Deputy CEO: Taxes “significantly burden” OTP Bank profitability

MNB

After an announcement of not exactly shining third-quarter results, OTP Bank deputy CEO László Bencsik stated at a press conference yesterday that fewer of its borrowers are behind on payment than at any time since the onset of the crisis – but any benefit that OTP might get from the timely repays are outweighed by taxation.

OTP’s profitability will further be hurt in 2014. Bencsik said that while risk-management costs have dropped by nearly 45% year-on-year to HUF 40 billion ($179.4 million), taxation to the bank sector increased more than 100%. “No kind of portfolio improvement can counterbalance that,” Bencsik said.

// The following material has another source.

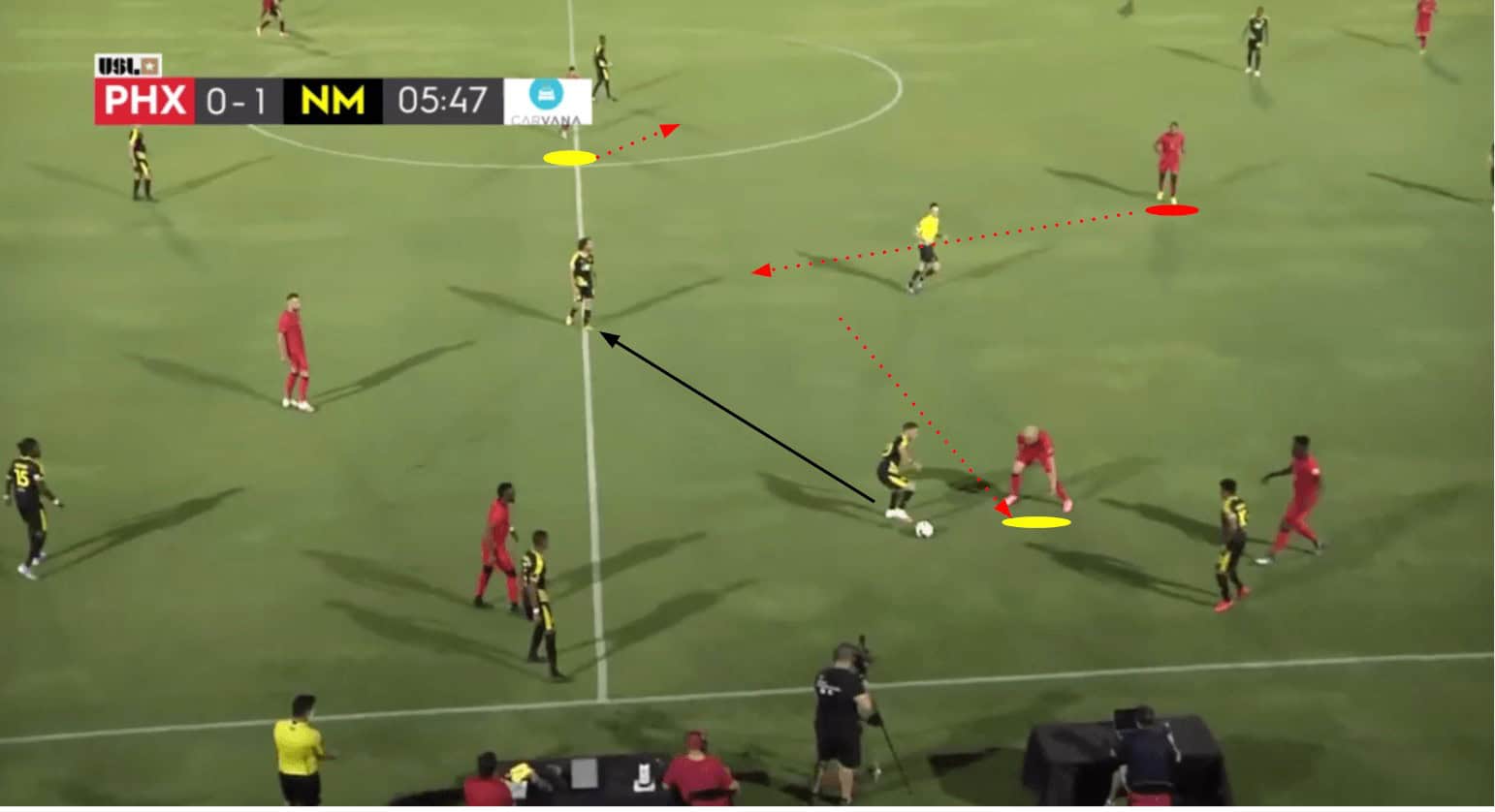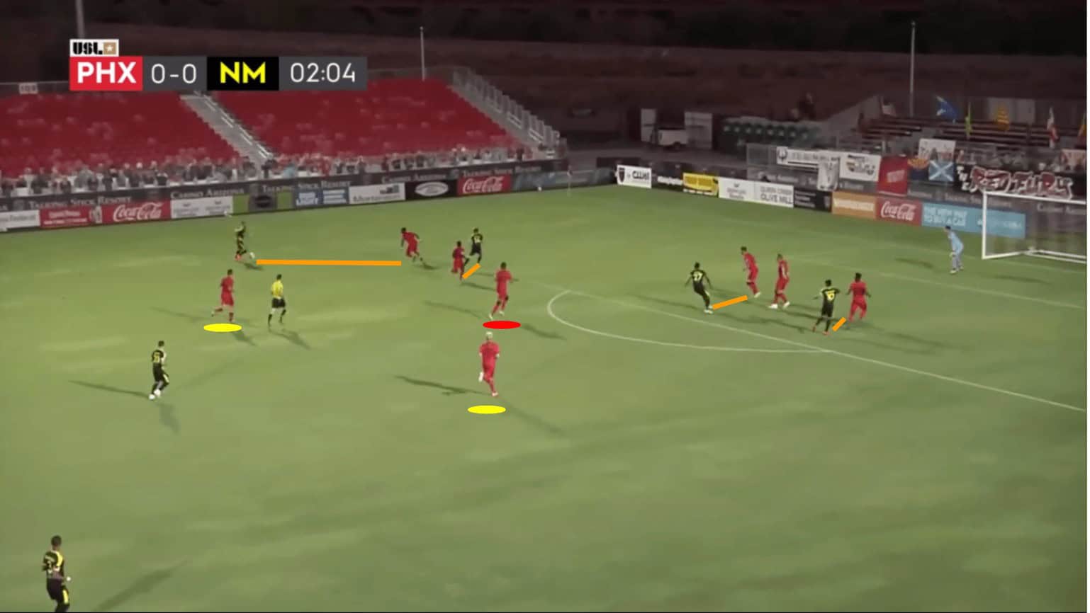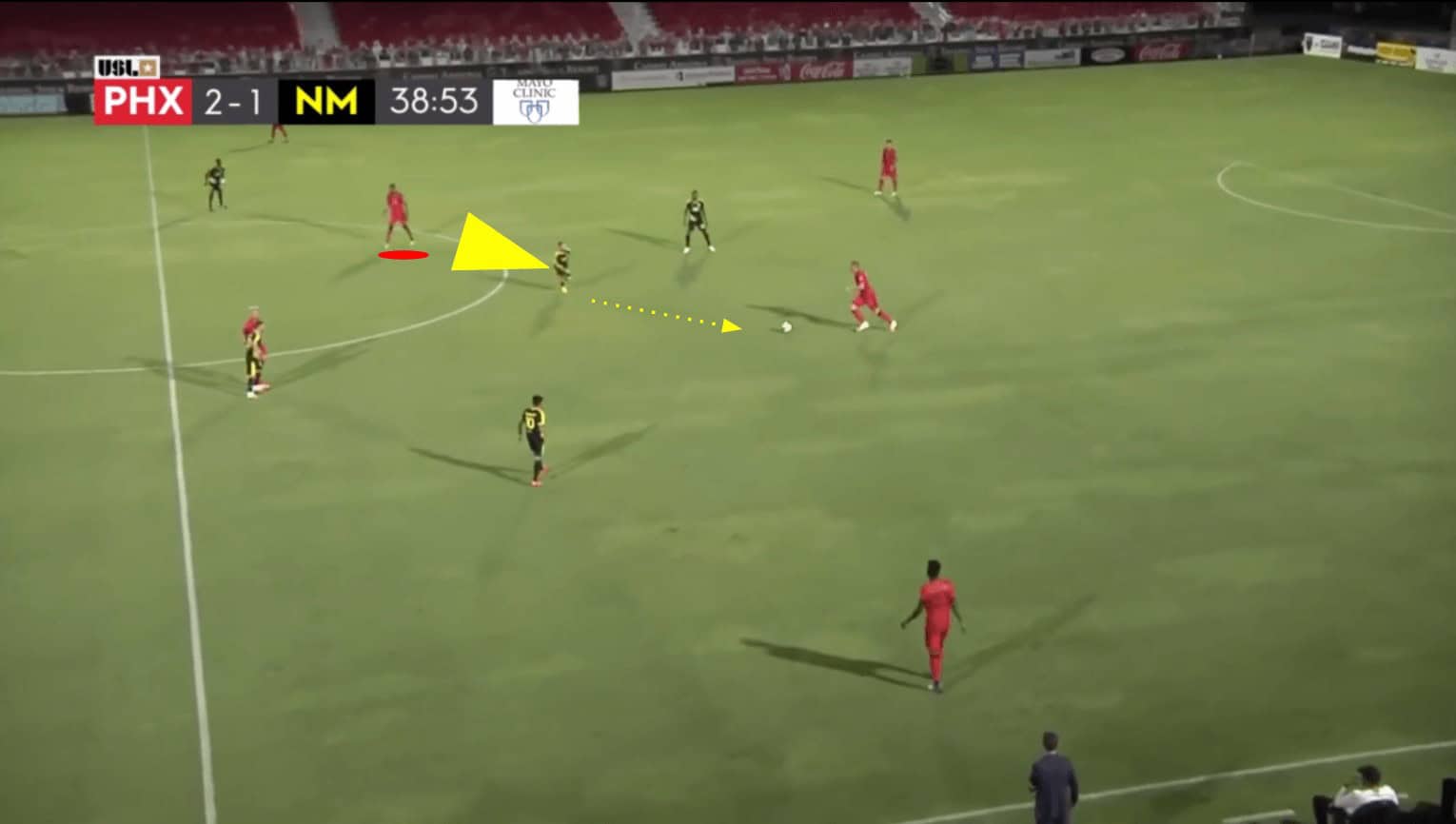 Lambert’s protection of the back line and his positioning to deter interior passes also make him a huge asset for Phoenix. In the image above, Lambert again sits off of the two other midfielders (marked in yellow). Instead of marking the man in front of him closely, Lambert’s first priority is to deny passes into forwards. Those passes against Phoenix can often be deadly, as Rising’s centre-backs tend to close down aggressively yet slowly, often getting beaten in the process. Lambert stayed put in this scenario until the ball was played horizontally. At that point, he closed down his man while preventing any vertical passes from occurring, forcing New Mexico to continue to move the ball horizontally across the pitch.

“With the full transaction tax due all year next year and mandatory free cash withdrawals, that is a significant burden in terms of the group’s profit making ability.”

The press conference followed a release of figures from OTP, which showed the bank’s consolidated third-quarter after-tax profit falling 74% to HUF 10.9 billion year-on-year due to higher risk costs in addition to a write-off at its business in Ukraine.

Bencsik reported that OTP’s “risk coverage against its non-performing loans has reached a historic high and the stock of bad loans has begun to decline,” as quoted by Reuters.

The ratio of the bank’s non-performing loans, defined as those over 90 days in arrears, dropped to 20.8% at the end of the third quarter from 20.6% at the end of June.

Bencsik pointed out that “Risk coverage is at 80.6%, which is an all-time high. In the next quarters the need to form risk provisions will be lower... We have sold off non-performing loans at a profit relative to the risk provisions we had made on them. I trust we will do more such deals and prove that our provisioning had been sufficiently conservative.”

Finally, Bencsik noted that OTP Bank had lent HUF 91 billion to SMEs within the “Funding for Growth” scheme.